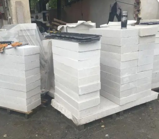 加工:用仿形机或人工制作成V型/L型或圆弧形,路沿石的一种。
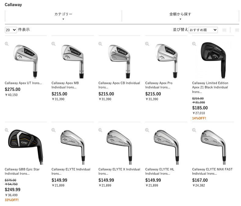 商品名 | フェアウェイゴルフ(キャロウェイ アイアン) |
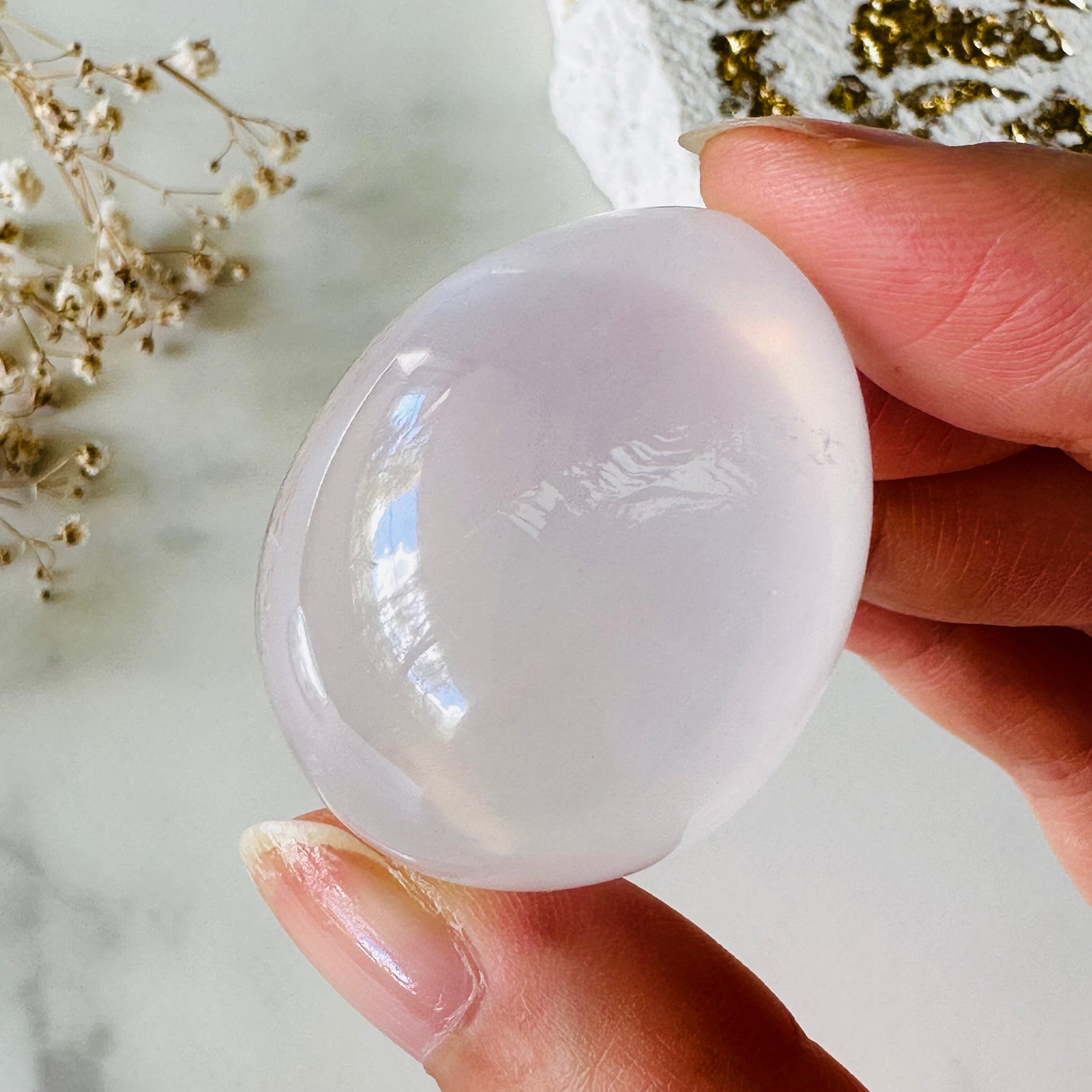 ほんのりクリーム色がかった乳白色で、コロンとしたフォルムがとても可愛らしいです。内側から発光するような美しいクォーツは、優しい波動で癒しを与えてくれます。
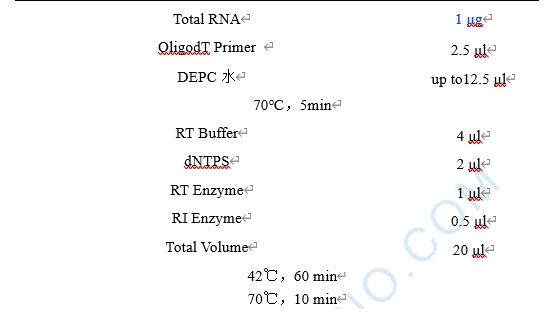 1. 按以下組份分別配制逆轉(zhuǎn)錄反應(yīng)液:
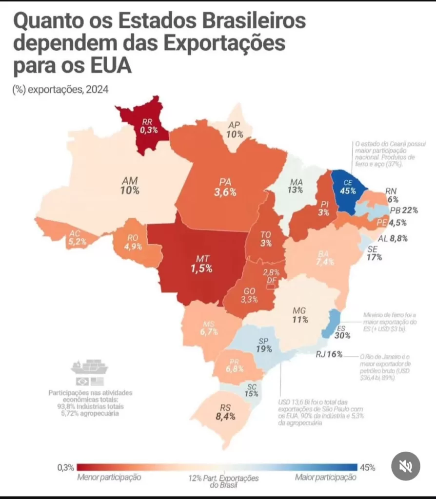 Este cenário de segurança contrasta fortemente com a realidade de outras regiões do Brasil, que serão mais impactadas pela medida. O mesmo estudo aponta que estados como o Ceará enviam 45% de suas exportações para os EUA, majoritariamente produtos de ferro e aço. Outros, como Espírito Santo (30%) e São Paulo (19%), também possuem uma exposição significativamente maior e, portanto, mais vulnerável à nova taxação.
※
* Problem to solve:
Beginning at the line that contains "商品名 | フェアウェイゴルフ(キャロウェイ アイアン) |", give the remaining lines of the records again exactly, through the last one. Leave out pictures.

* Response for this exercise:
 商品名 | フェアウェイゴルフ(キャロウェイ アイアン) |
 ほんのりクリーム色がかった乳白色で、コロンとしたフォルムがとても可愛らしいです。内側から発光するような美しいクォーツは、優しい波動で癒しを与えてくれます。
 1. 按以下組份分別配制逆轉(zhuǎn)錄反應(yīng)液:
 Este cenário de segurança contrasta fortemente com a realidade de outras regiões do Brasil, que serão mais impactadas pela medida. O mesmo estudo aponta que estados como o Ceará enviam 45% de suas exportações para os EUA, majoritariamente produtos de ferro e aço. Outros, como Espírito Santo (30%) e São Paulo (19%), também possuem uma exposição significativamente maior e, portanto, mais vulnerável à nova taxação.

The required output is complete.